# REQUIRED WORK
Could you retype the entries below exactly, omitting every picture?

----

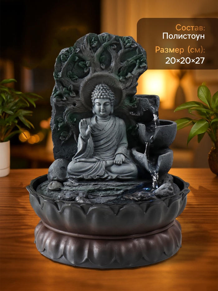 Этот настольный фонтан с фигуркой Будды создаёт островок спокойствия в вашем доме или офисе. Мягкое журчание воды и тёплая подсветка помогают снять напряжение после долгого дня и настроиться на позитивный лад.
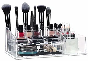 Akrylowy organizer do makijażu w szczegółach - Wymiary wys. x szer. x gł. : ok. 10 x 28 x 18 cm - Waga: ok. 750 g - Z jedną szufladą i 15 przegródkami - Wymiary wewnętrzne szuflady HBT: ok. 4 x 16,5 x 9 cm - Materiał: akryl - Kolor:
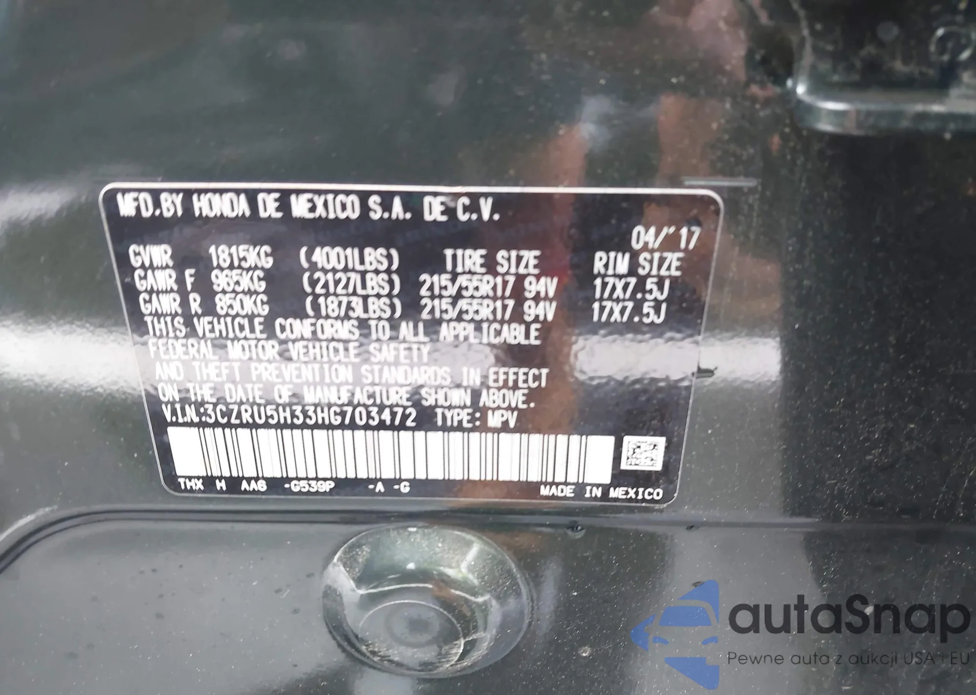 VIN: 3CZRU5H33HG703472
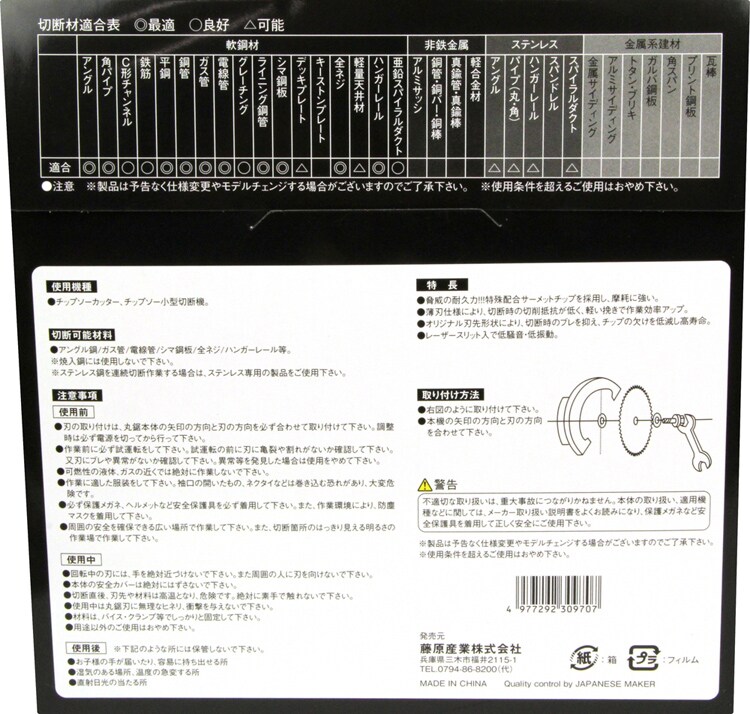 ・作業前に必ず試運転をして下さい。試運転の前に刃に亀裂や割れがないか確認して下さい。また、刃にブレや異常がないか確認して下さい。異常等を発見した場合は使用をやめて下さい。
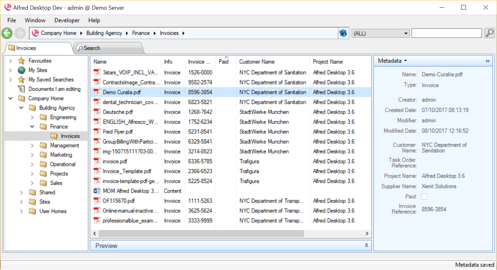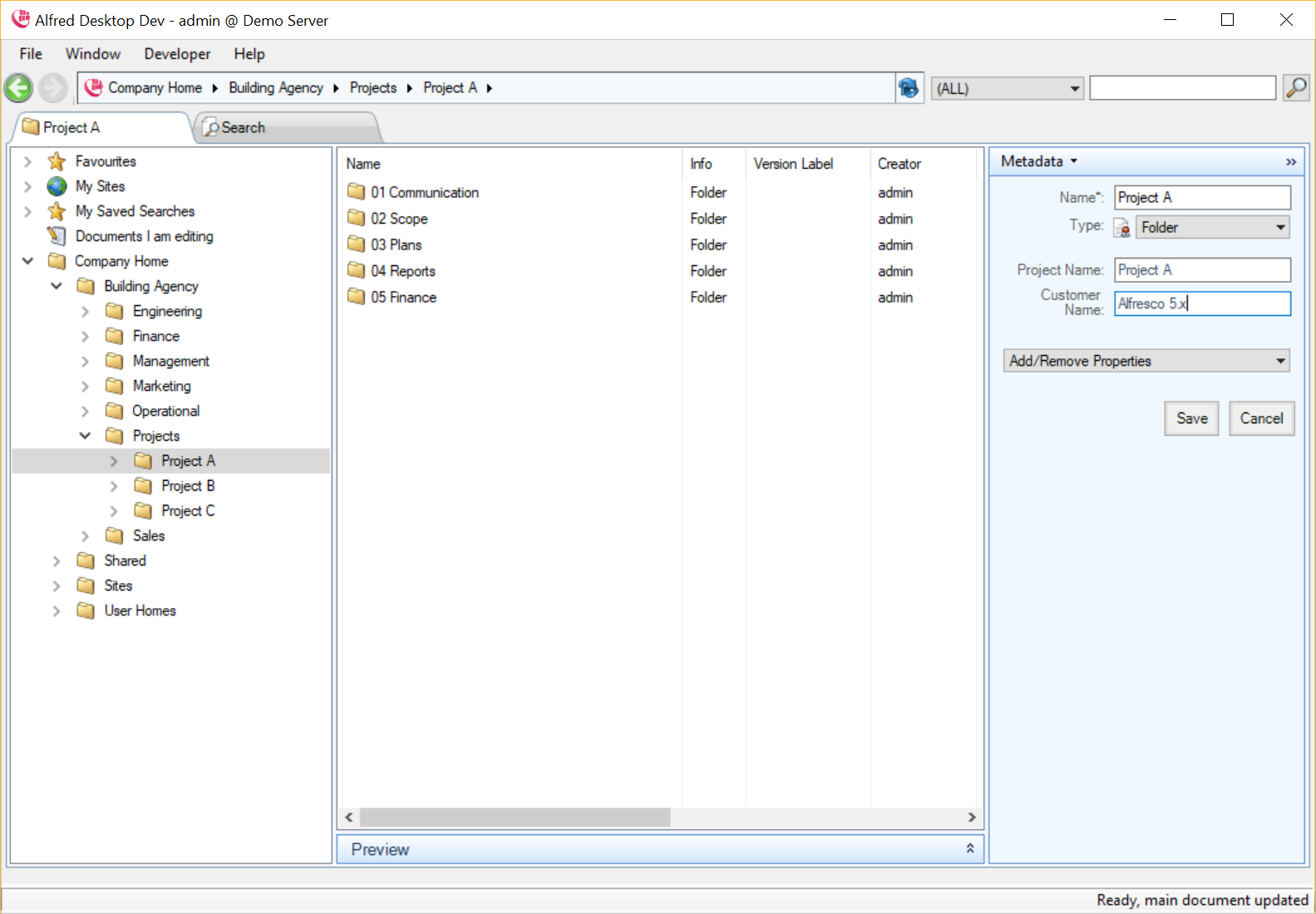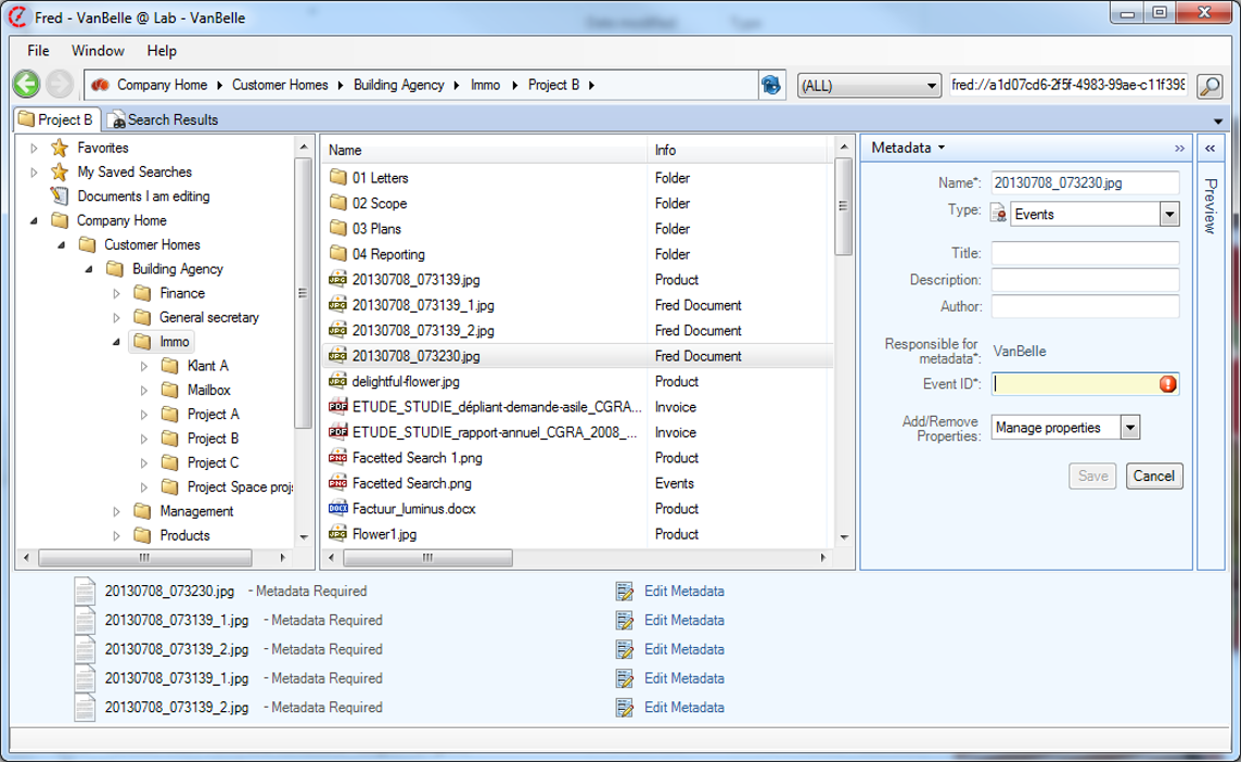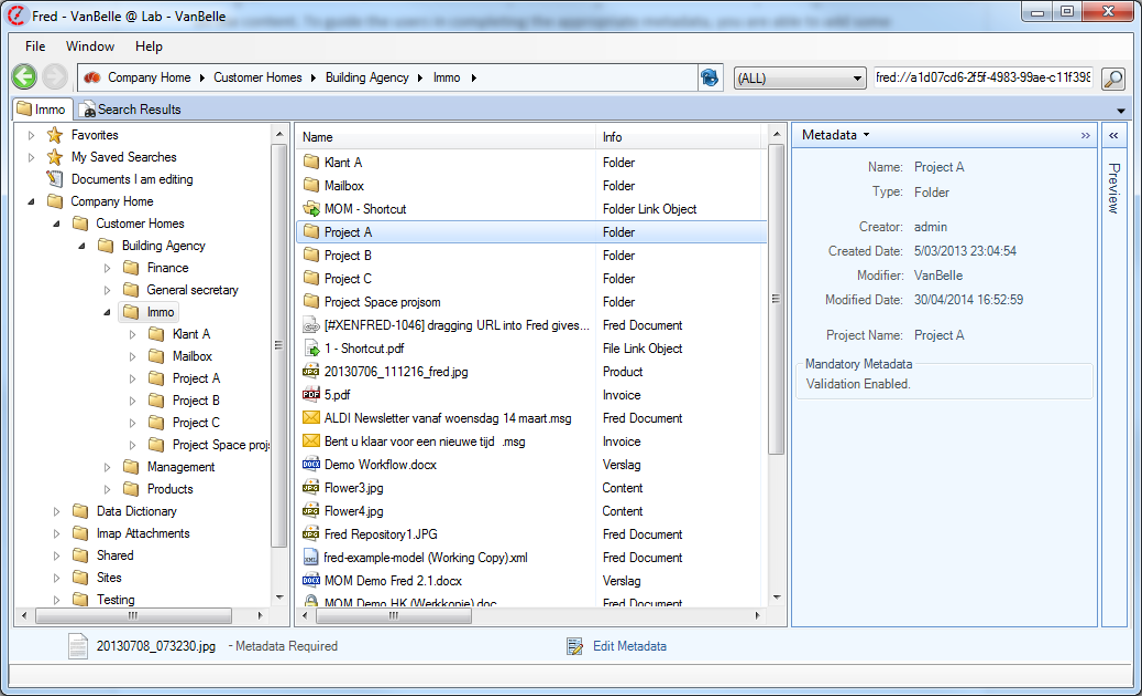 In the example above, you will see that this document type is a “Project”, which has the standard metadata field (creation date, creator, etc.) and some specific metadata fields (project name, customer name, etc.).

----

# SOLUTION FOR THIS TASK
 Этот настольный фонтан с фигуркой Будды создаёт островок спокойствия в вашем доме или офисе. Мягкое журчание воды и тёплая подсветка помогают снять напряжение после долгого дня и настроиться на позитивный лад.
 Akrylowy organizer do makijażu w szczegółach - Wymiary wys. x szer. x gł. : ok. 10 x 28 x 18 cm - Waga: ok. 750 g - Z jedną szufladą i 15 przegródkami - Wymiary wewnętrzne szuflady HBT: ok. 4 x 16,5 x 9 cm - Materiał: akryl - Kolor:
 VIN: 3CZRU5H33HG703472
 ・作業前に必ず試運転をして下さい。試運転の前に刃に亀裂や割れがないか確認して下さい。また、刃にブレや異常がないか確認して下さい。異常等を発見した場合は使用をやめて下さい。
 In the example above, you will see that this document type is a “Project”, which has the standard metadata field (creation date, creator, etc.) and some specific metadata fields (project name, customer name, etc.).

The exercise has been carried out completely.